Endocrine Abstracts (2018) 58 OC2.2 | DOI: 10.1530/endoabs.58.OC2.2

The relationship of baseline, incremental and peak cortisol following a Short Synacthen Test - single-centre analysis of three years' data

Apoorva Aji1, Sharon Colyer2, Sarah Burn2, Paul Dimitri2, Neil Wright2, Nils Krone1,2 & Charlotte Elder1,2


1The Univeristy of Sheffield, Sheffield, UK; 2Sheffield Children’s NHS Foundation Trust, Sheffield, UK.


Introduction: There is evidence that an early morning plasma cortisol (EMC) below <160 nmol/l is predictive of failing the SST and the corollary is seen with an EMC above >340 nmol/l. Using an EMC to screen patients for AI has been advocated, although there is a paucity of paediatric studies. Modern sensitive and specific cortisol assays make deriving local diagnostic thresholds important. We analysed our SST data since the introduction of a new cortisol assay to derive screening thresholds for SST and examined the relationship between the basal, incremental and peak plasma cortisol.

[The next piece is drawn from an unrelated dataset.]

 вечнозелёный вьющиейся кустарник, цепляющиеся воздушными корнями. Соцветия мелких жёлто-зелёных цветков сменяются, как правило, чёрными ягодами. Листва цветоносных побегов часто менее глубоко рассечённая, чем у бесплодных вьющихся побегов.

Methods: All SST performed between September 2014 and 2017 were retrospectively analysed. Cortisol quantification was performed on the Abbott Architect i1000 chemiluminescent immunoassay (CVs <5%). A ‘pass’ for the SST is currently 430 nmol/l. Basal cortisol was used as a surrogate for EMC and correlation coefficients with increment and peak examined. Subgroup analysis was performed using sex and an age-approximate for pubertal status (0–9 and 10–16 years of age). Positive and negative predictive values using a basal plasma cortisol of <160 nmol/l and >340 nmol/l respectively were calculated. Predictive values were calculated using different cuts offs.

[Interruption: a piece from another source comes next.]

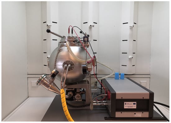 The basic physicochemical parameters of the materials that were assessed included the total content of carbon, ash, nitrogen, hydrogen, volatile substances, and calorific value. The examinations were performed with a LECO TGA 701 thermogravimetric analyser, a LECO TrueSpec CHN elemental composition analyser (LECO, St. Joseph, MI, USA), and a LECO AC 500 isoperibolic calorimeter (LECO, St. Joseph, MI, USA). The method to determine the fixed carbon released on calculations based on the assessment of volatiles according to FC = 100 − (%moisture + %volatile substances + %Ash). Explosivity tests were conducted using a KSEP20 device, provided with a KSEP 310 control unit (Kuhner AG, Basel, Switzerland). The device comprises a test chamber with a spherical shape and a volume of 20 dm3. Owing to its water jacket, the heat of explosions is dissipated, and thermostatically controlled test temperatures are maintained (Figure 1).

Results: Overall 393 SSTs were included (209M, 184F, 175 ‘prepubertal’, 218 ‘post-pubertal’). The correlation coefficient for basal and peak cortisol was 0.63, (0.63 female, 0.62 male; 0.65 0–9 years, 0.66 10–16 years). There was no relationship in any of the groups between basal and incremental cortisol (overall data correlation coefficient −0.061). Of the cohort 28% had basal cortisols <160 nmol/l of whom 58% ‘failed’ the SST, PPV=0.58. Correspondingly 13% had basal cortisols >339 nmol/l, none of whom ‘failed’ the SST, NPV=1. Moving the basal cut off to >320 nmol/l would have resulted in missing three patients who subsequently failed their SST.

Conclusions: There is a reasonably strong relationship between basal and peak cortisol on the SST. No relationship exists between basal and incremental cortisol. Subgroup analysis did not strengthen the correlations. On the Abbott Architect plasma cortisol assay an EMC of >339 nmol/l appears to safely predict passing the SST and <160 nmol/l yields a high PPV for failing the SST.